When we reached the stables, I asked Big Brother if he wanted to ride a horse. He quickly said “yes.” A nice man took us out back to see the horses and brought one near. Big Brother immediately put his nose against the horse’s face. It took him a year to even pet our sweet, gentle and very old family dog…but this giant creature he had known all of two seconds was invited into his close, personal space without even so much as a slight hesitation.
So the staff kindly placed him upon this horse–the most kind-hearted and mild-mannered horse they had–and led Big Brother and his horse around in a small circle.
I held my breath, waiting for the meltdown that I was sure would ensue….
Nothing.
He sat on the saddle quietly, listening to the horse’s footsteps and reaching down to smell her back.

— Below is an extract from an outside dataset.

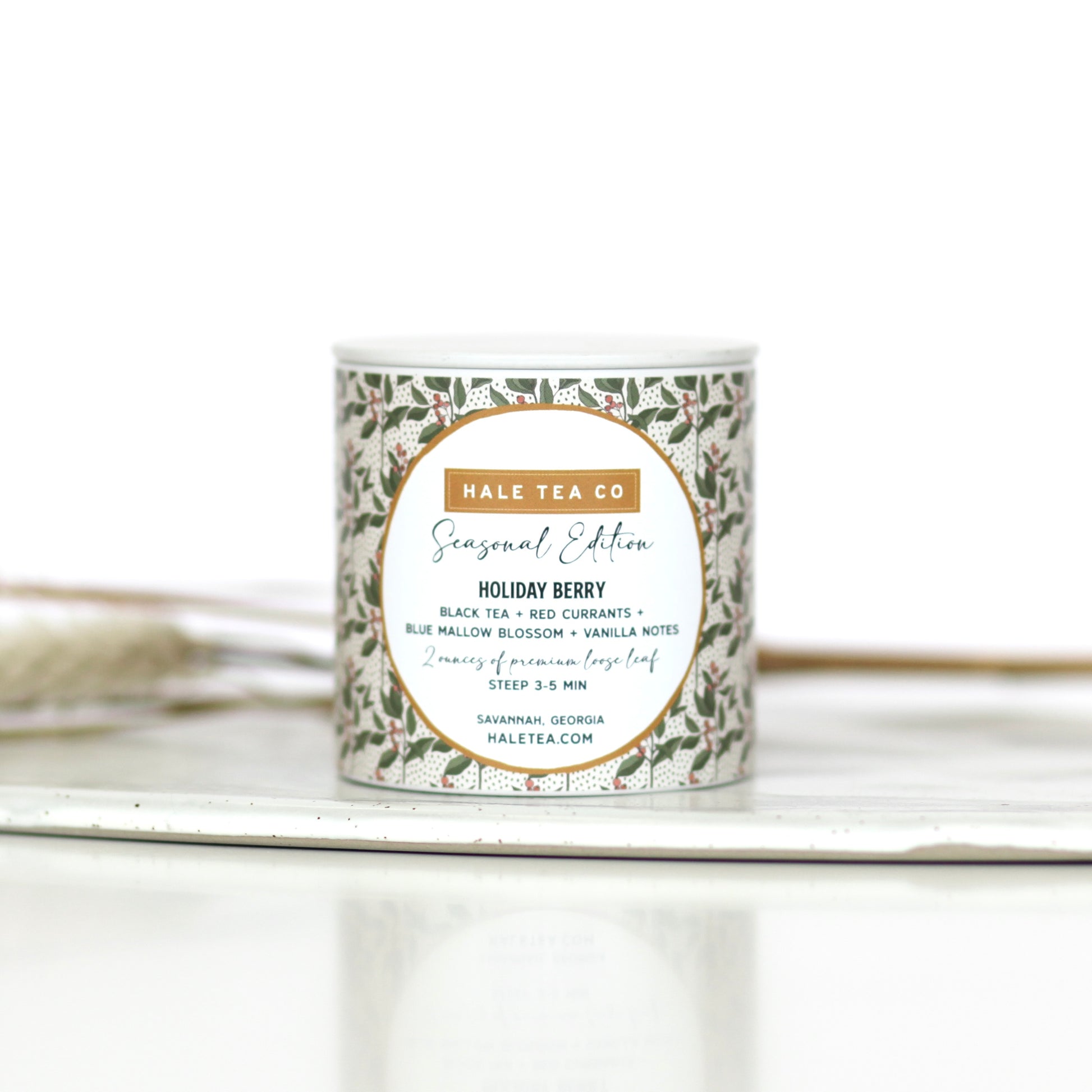 Holiday Berry is a delicious black tea with red currants, blue mallow blossom and vanilla notes! This tea comes in a collectible Seasonal Edition Tin with 2 ounces of loose leaf perfect for fall and winter vibes!

I was baffled. Here was a child that “does not respond to discipline,” and “cannot sit still for any length of time,” and who normally has continuous, disruptive verbal stimming. Here was a child that did not like to be high up in the air, deathly afraid to even ride on Daddy’s shoulders.
And here he was now, as quiet and still as a mouse, sitting up high upon a large creature, listening closely to the giant beast breathing.

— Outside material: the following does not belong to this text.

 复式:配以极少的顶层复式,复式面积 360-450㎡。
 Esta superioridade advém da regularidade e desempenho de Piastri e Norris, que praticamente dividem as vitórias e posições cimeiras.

The man looked at me, waiting to see what I thought.
“Let’s do it,” I said. And just like that, I found our family about to embark on a horseback ride through the Colorado praire.
Big Brother ready and waiting to go
Little Man rarin’ to go
“This is ludicrous,” I thought to myself as we trotted out onto the praire. “You just can’t take Big Brother out on an hour trek into the wild on a horse, he’ll never be able to do it. He needs more time to practice and learn about how to ride. He can’t even make it through an entire day of school without a violent outburst or having to be restrained, What are we doing here?!”
But I quieted my brain and instead, listened to my gut. “I think he can do this,” it whispered.
And so I realized that with the help of the very kind and compassionate staff, Big Brother was safe and that he could, indeed, do this. In fact, this was the first time in his life that he was doing something without direct help. That feeling must have been overwhelming for him.
Before I knew it, our ride was over. Somewhere along the way I was able to see Big Brother in a new light…from a perspective I’ve never seen before. And in that moment, I felt ashamed for ever thinking that he couldn’t do it. I’m his mother for crying out loud! I, most of all, should be the one to know he is capable of so much more than this world gives him credit for. As for the special and instantaneous bond between Big Brother and his horse? Well, it’s not at all surprising given the many stories of similar happenings in the autism community (check out the documentary Horse Boy, for example.)
As for me, I learned an important lesson that day. Sometimes you have to cast rational thought aside and follow your instinct in order to accomplish that which seems impossible. If adventure is about sailing away from the safe harbour, Big Brother must have traversed the entire globe that day.
——
“Listen to the mustn’ts, child. Listen to the don’ts. Listen to the shouldn’ts, the impossibles, the won’ts. Listen to the never haves, then listen close to me… Anything can happen, child. Anything can be.”